## Data for review
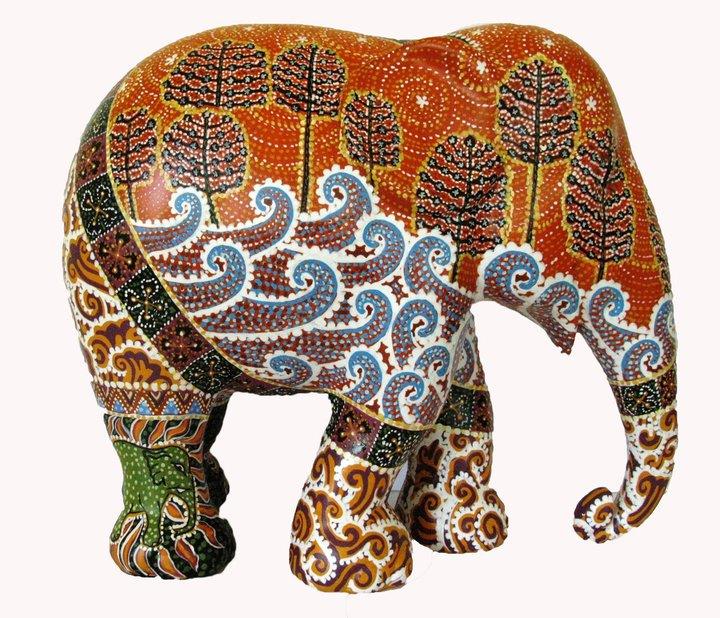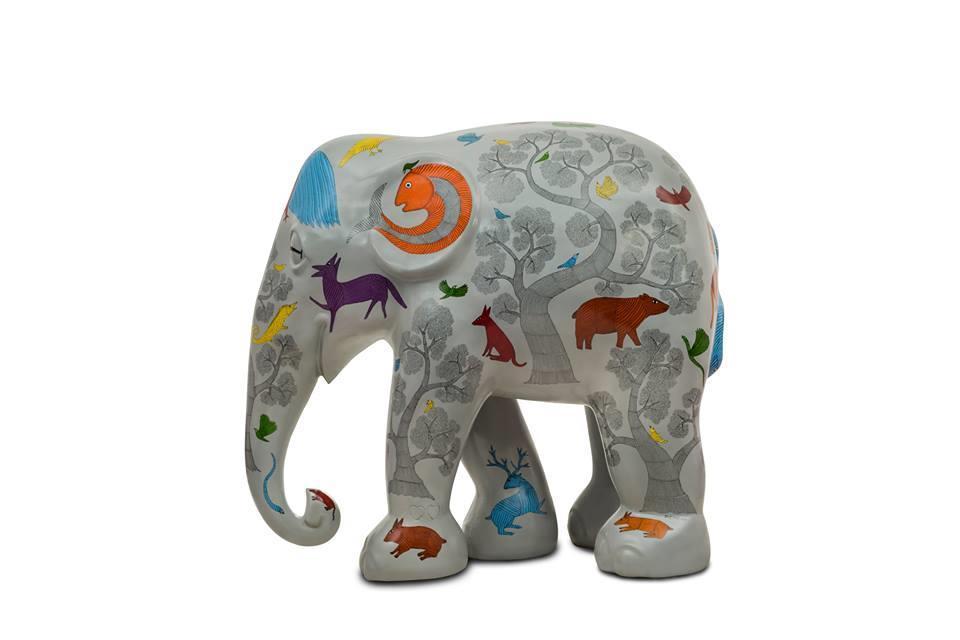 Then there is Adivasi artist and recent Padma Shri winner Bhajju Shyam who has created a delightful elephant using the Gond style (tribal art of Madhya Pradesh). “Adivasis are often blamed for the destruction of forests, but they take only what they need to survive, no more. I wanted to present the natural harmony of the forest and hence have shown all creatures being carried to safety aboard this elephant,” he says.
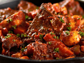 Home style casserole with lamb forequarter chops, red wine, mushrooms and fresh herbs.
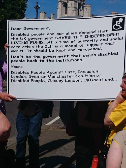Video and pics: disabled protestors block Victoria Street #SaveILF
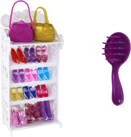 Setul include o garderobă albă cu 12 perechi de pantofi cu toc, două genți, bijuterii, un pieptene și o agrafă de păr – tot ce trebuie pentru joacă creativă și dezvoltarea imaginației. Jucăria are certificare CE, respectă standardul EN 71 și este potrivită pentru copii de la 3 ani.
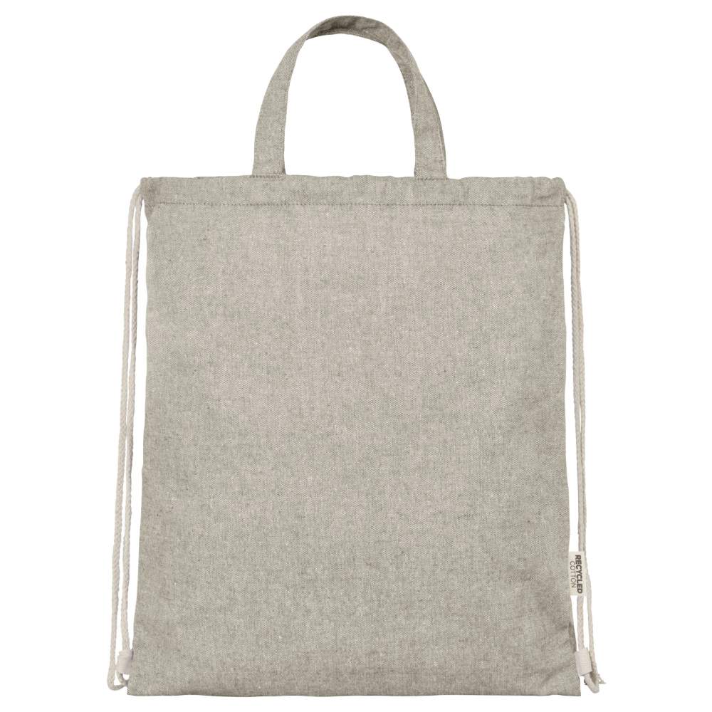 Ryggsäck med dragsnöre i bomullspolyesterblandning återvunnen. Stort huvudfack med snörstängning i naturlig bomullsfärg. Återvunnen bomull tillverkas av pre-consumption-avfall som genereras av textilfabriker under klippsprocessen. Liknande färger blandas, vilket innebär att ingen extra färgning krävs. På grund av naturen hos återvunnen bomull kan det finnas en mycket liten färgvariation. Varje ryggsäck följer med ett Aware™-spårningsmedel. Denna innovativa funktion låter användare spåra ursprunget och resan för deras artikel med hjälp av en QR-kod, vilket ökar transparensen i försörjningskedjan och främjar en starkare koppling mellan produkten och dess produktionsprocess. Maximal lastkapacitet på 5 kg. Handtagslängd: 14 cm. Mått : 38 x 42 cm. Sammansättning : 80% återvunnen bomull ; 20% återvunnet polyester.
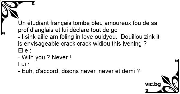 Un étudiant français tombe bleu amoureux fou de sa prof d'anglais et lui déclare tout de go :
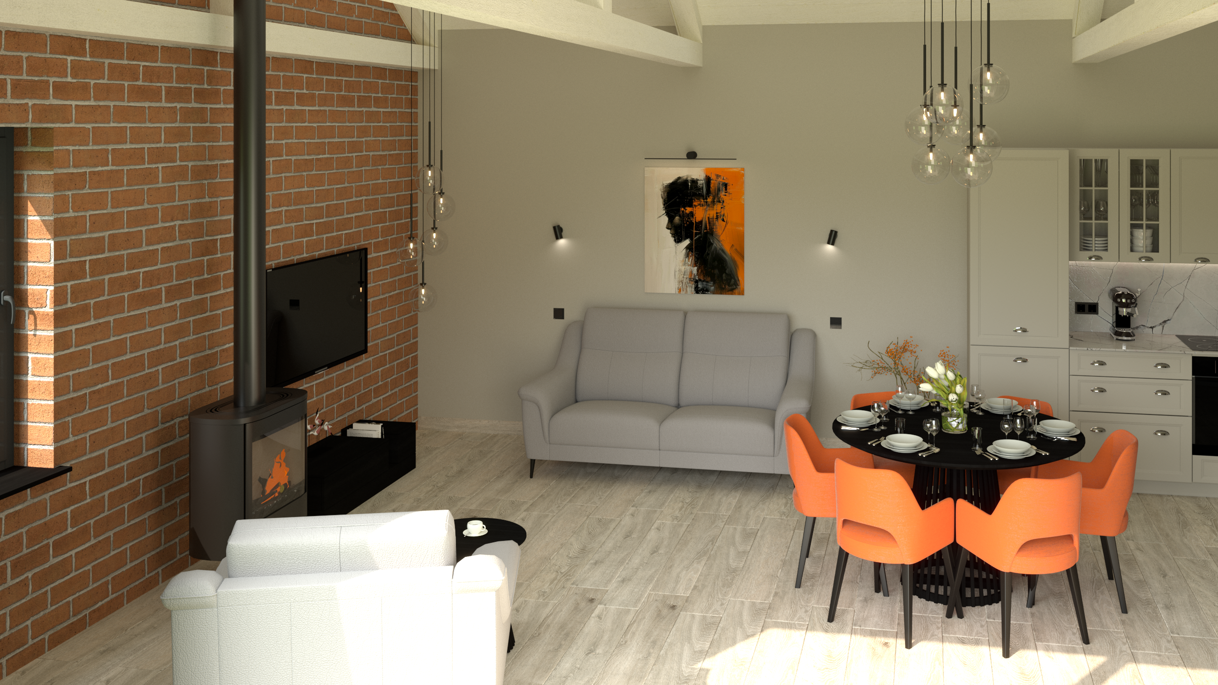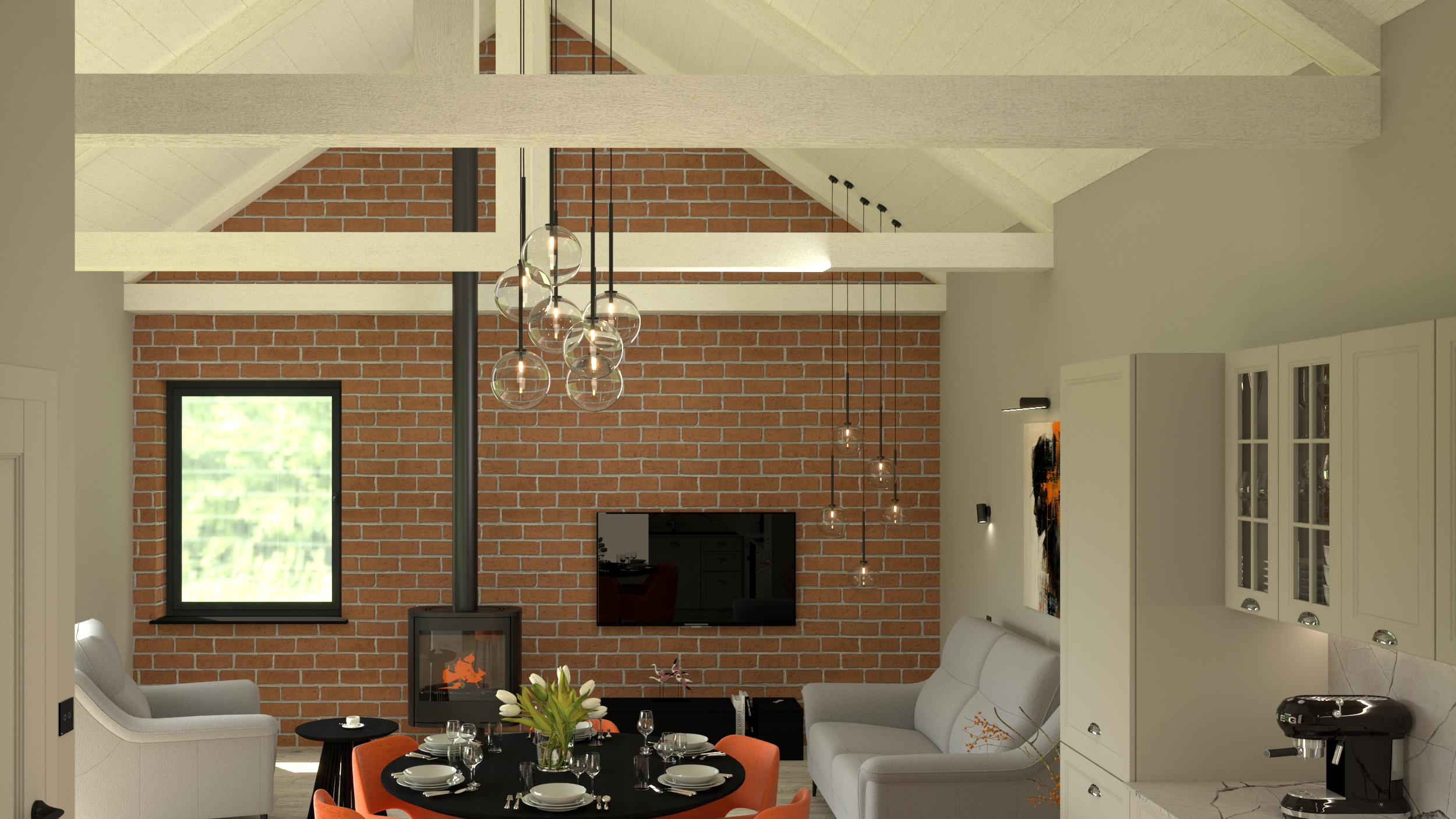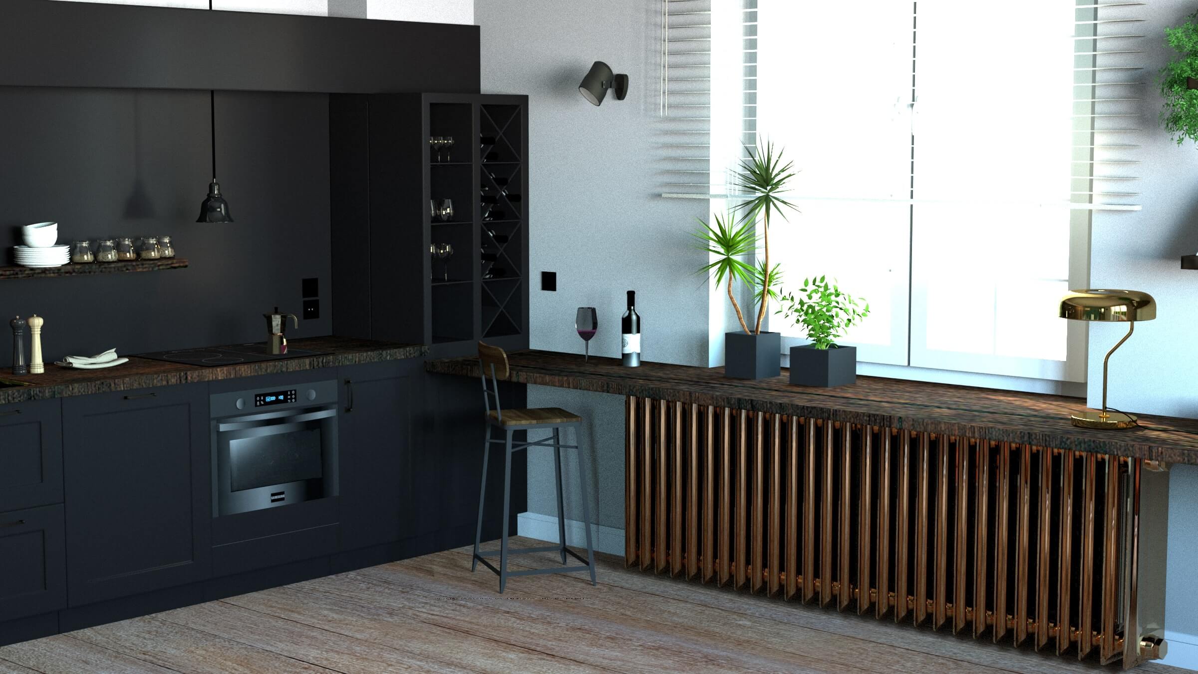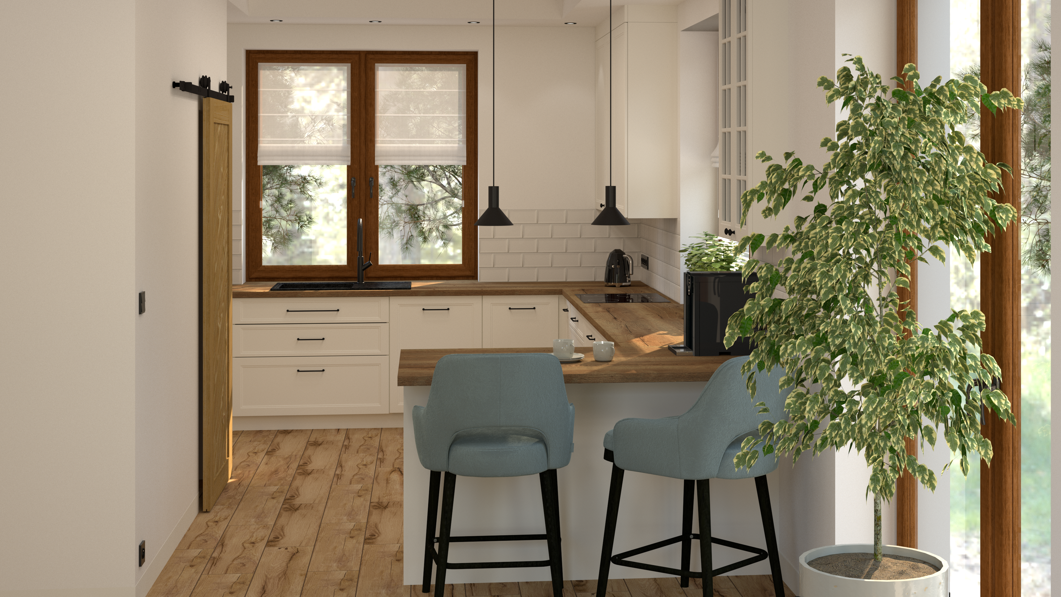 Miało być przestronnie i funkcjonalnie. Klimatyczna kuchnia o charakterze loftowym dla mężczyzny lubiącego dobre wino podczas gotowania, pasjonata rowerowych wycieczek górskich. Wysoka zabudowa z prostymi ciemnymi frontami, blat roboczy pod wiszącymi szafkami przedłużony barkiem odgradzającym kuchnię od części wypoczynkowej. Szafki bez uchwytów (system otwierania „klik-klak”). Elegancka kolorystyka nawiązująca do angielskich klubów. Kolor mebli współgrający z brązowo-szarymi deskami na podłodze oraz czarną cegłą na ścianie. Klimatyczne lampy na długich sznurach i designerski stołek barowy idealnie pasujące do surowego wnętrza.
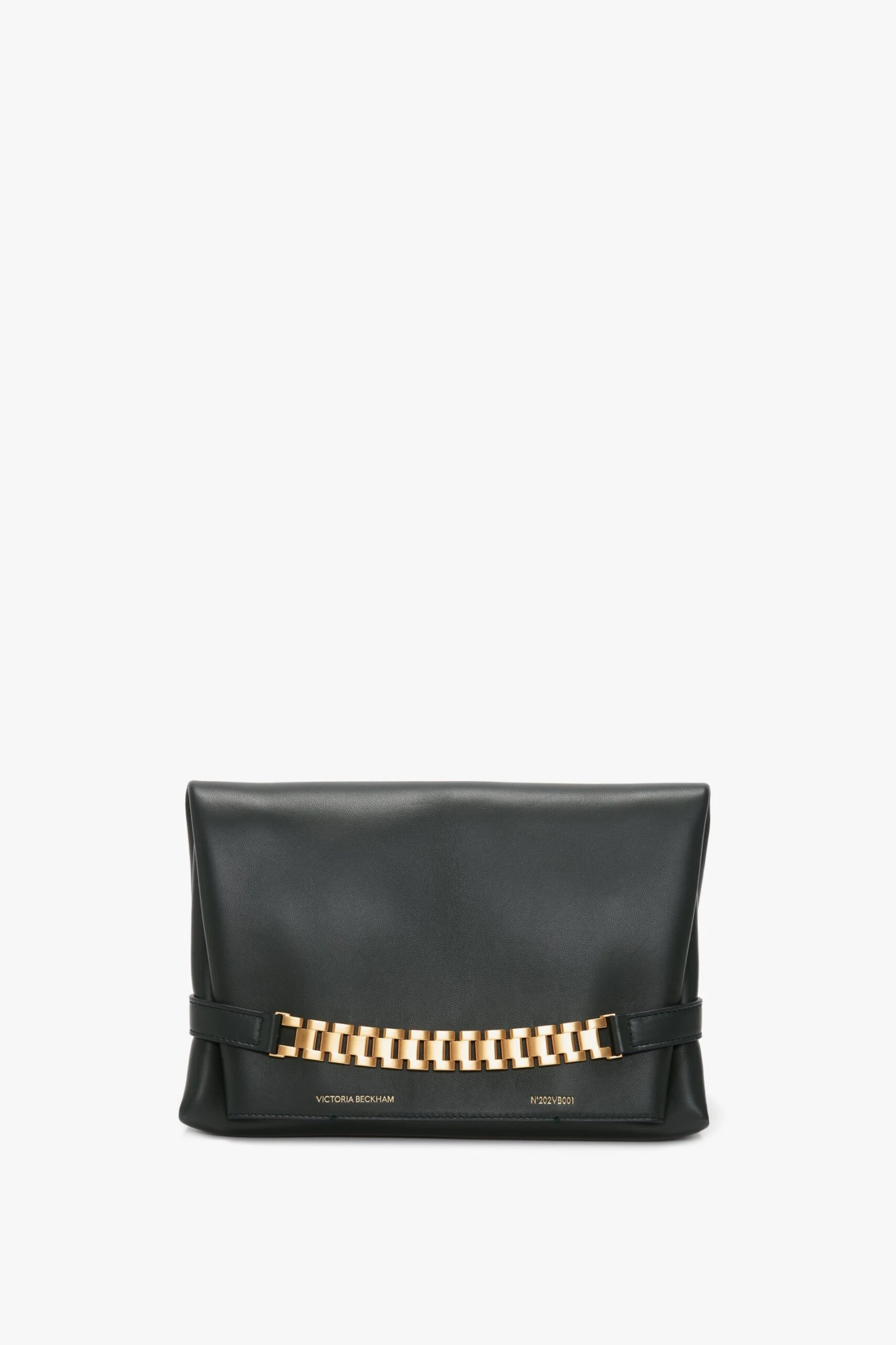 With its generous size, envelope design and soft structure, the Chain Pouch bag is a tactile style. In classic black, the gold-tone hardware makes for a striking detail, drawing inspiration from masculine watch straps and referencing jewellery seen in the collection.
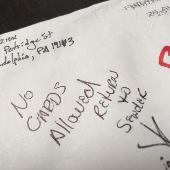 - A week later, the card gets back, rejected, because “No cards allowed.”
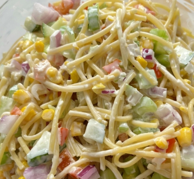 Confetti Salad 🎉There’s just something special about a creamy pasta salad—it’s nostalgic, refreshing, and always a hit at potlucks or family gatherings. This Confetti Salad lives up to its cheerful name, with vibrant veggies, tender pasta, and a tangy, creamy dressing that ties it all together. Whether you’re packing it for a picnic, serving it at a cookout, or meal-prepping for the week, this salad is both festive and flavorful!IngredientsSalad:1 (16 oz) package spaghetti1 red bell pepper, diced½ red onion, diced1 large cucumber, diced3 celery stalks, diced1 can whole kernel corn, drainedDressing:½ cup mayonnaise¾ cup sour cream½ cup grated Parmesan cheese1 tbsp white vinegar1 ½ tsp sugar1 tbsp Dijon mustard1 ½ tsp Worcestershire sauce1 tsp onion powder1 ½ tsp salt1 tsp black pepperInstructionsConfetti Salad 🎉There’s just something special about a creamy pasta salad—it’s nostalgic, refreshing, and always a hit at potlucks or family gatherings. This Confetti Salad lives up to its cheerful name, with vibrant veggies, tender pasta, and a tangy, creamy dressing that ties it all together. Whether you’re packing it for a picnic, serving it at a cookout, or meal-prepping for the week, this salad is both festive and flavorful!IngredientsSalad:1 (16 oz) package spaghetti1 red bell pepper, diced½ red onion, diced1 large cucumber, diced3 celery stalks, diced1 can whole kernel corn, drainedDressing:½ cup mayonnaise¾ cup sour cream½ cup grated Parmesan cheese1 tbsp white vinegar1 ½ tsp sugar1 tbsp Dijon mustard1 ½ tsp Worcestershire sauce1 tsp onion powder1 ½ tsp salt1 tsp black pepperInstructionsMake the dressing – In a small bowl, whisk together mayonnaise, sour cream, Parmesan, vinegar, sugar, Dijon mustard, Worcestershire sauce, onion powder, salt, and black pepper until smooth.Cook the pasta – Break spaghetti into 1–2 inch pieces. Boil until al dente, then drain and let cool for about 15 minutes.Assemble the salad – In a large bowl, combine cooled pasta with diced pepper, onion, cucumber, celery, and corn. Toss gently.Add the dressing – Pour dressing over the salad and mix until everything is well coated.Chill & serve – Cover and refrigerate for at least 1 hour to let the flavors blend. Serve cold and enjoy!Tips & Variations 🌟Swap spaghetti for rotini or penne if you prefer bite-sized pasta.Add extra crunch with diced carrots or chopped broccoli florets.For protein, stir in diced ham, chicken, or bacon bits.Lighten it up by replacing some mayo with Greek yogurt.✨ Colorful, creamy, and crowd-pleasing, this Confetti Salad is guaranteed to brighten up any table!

## Brief
A word-for-word copy of the entries above is what is needed, without any images.

## Answer box
 Then there is Adivasi artist and recent Padma Shri winner Bhajju Shyam who has created a delightful elephant using the Gond style (tribal art of Madhya Pradesh). “Adivasis are often blamed for the destruction of forests, but they take only what they need to survive, no more. I wanted to present the natural harmony of the forest and hence have shown all creatures being carried to safety aboard this elephant,” he says.
 Home style casserole with lamb forequarter chops, red wine, mushrooms and fresh herbs.
Video and pics: disabled protestors block Victoria Street #SaveILF
 Setul include o garderobă albă cu 12 perechi de pantofi cu toc, două genți, bijuterii, un pieptene și o agrafă de păr – tot ce trebuie pentru joacă creativă și dezvoltarea imaginației. Jucăria are certificare CE, respectă standardul EN 71 și este potrivită pentru copii de la 3 ani.
 Ryggsäck med dragsnöre i bomullspolyesterblandning återvunnen. Stort huvudfack med snörstängning i naturlig bomullsfärg. Återvunnen bomull tillverkas av pre-consumption-avfall som genereras av textilfabriker under klippsprocessen. Liknande färger blandas, vilket innebär att ingen extra färgning krävs. På grund av naturen hos återvunnen bomull kan det finnas en mycket liten färgvariation. Varje ryggsäck följer med ett Aware™-spårningsmedel. Denna innovativa funktion låter användare spåra ursprunget och resan för deras artikel med hjälp av en QR-kod, vilket ökar transparensen i försörjningskedjan och främjar en starkare koppling mellan produkten och dess produktionsprocess. Maximal lastkapacitet på 5 kg. Handtagslängd: 14 cm. Mått : 38 x 42 cm. Sammansättning : 80% återvunnen bomull ; 20% återvunnet polyester.
 Un étudiant français tombe bleu amoureux fou de sa prof d'anglais et lui déclare tout de go :
 Miało być przestronnie i funkcjonalnie. Klimatyczna kuchnia o charakterze loftowym dla mężczyzny lubiącego dobre wino podczas gotowania, pasjonata rowerowych wycieczek górskich. Wysoka zabudowa z prostymi ciemnymi frontami, blat roboczy pod wiszącymi szafkami przedłużony barkiem odgradzającym kuchnię od części wypoczynkowej. Szafki bez uchwytów (system otwierania „klik-klak”). Elegancka kolorystyka nawiązująca do angielskich klubów. Kolor mebli współgrający z brązowo-szarymi deskami na podłodze oraz czarną cegłą na ścianie. Klimatyczne lampy na długich sznurach i designerski stołek barowy idealnie pasujące do surowego wnętrza.
 With its generous size, envelope design and soft structure, the Chain Pouch bag is a tactile style. In classic black, the gold-tone hardware makes for a striking detail, drawing inspiration from masculine watch straps and referencing jewellery seen in the collection.
 - A week later, the card gets back, rejected, because “No cards allowed.”
 Confetti Salad 🎉There’s just something special about a creamy pasta salad—it’s nostalgic, refreshing, and always a hit at potlucks or family gatherings. This Confetti Salad lives up to its cheerful name, with vibrant veggies, tender pasta, and a tangy, creamy dressing that ties it all together. Whether you’re packing it for a picnic, serving it at a cookout, or meal-prepping for the week, this salad is both festive and flavorful!IngredientsSalad:1 (16 oz) package spaghetti1 red bell pepper, diced½ red onion, diced1 large cucumber, diced3 celery stalks, diced1 can whole kernel corn, drainedDressing:½ cup mayonnaise¾ cup sour cream½ cup grated Parmesan cheese1 tbsp white vinegar1 ½ tsp sugar1 tbsp Dijon mustard1 ½ tsp Worcestershire sauce1 tsp onion powder1 ½ tsp salt1 tsp black pepperInstructionsConfetti Salad 🎉There’s just something special about a creamy pasta salad—it’s nostalgic, refreshing, and always a hit at potlucks or family gatherings. This Confetti Salad lives up to its cheerful name, with vibrant veggies, tender pasta, and a tangy, creamy dressing that ties it all together. Whether you’re packing it for a picnic, serving it at a cookout, or meal-prepping for the week, this salad is both festive and flavorful!IngredientsSalad:1 (16 oz) package spaghetti1 red bell pepper, diced½ red onion, diced1 large cucumber, diced3 celery stalks, diced1 can whole kernel corn, drainedDressing:½ cup mayonnaise¾ cup sour cream½ cup grated Parmesan cheese1 tbsp white vinegar1 ½ tsp sugar1 tbsp Dijon mustard1 ½ tsp Worcestershire sauce1 tsp onion powder1 ½ tsp salt1 tsp black pepperInstructionsMake the dressing – In a small bowl, whisk together mayonnaise, sour cream, Parmesan, vinegar, sugar, Dijon mustard, Worcestershire sauce, onion powder, salt, and black pepper until smooth.Cook the pasta – Break spaghetti into 1–2 inch pieces. Boil until al dente, then drain and let cool for about 15 minutes.Assemble the salad – In a large bowl, combine cooled pasta with diced pepper, onion, cucumber, celery, and corn. Toss gently.Add the dressing – Pour dressing over the salad and mix until everything is well coated.Chill & serve – Cover and refrigerate for at least 1 hour to let the flavors blend. Serve cold and enjoy!Tips & Variations 🌟Swap spaghetti for rotini or penne if you prefer bite-sized pasta.Add extra crunch with diced carrots or chopped broccoli florets.For protein, stir in diced ham, chicken, or bacon bits.Lighten it up by replacing some mayo with Greek yogurt.✨ Colorful, creamy, and crowd-pleasing, this Confetti Salad is guaranteed to brighten up any table!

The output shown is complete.